Psychologists have long debated whether self-enhancement is universal or varies across cultures. Extant studies using explicit and implicit measures have provided mixed results. In this study (N = 93; 35 European American, 58 Chinese: 28 tested in English, 30 tested in Mandarin), we measured self-enhancement covertly using an ERP paradigm. Self-enhancement was also assessed via self-report and reaction-time based measures. Americans showed strong evidence of self-enhancement across all measures, whereas this effect was absent or weaker among Chinese, who instead showed an other-enhancing bias across measures.
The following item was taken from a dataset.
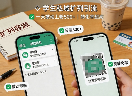 学生私域扩列引流,一天被动上粉500+,转化率超高

Language did not affect self-enhancement tendencies among Chinese participants, with the exception of one self-report measure. Nor did the two cultural groups differ in enhancement for a close other. This is the first study to directly compare self-enhancement across cultural groups using ERPs and provides evidence that positive self-regard does indeed vary by culture.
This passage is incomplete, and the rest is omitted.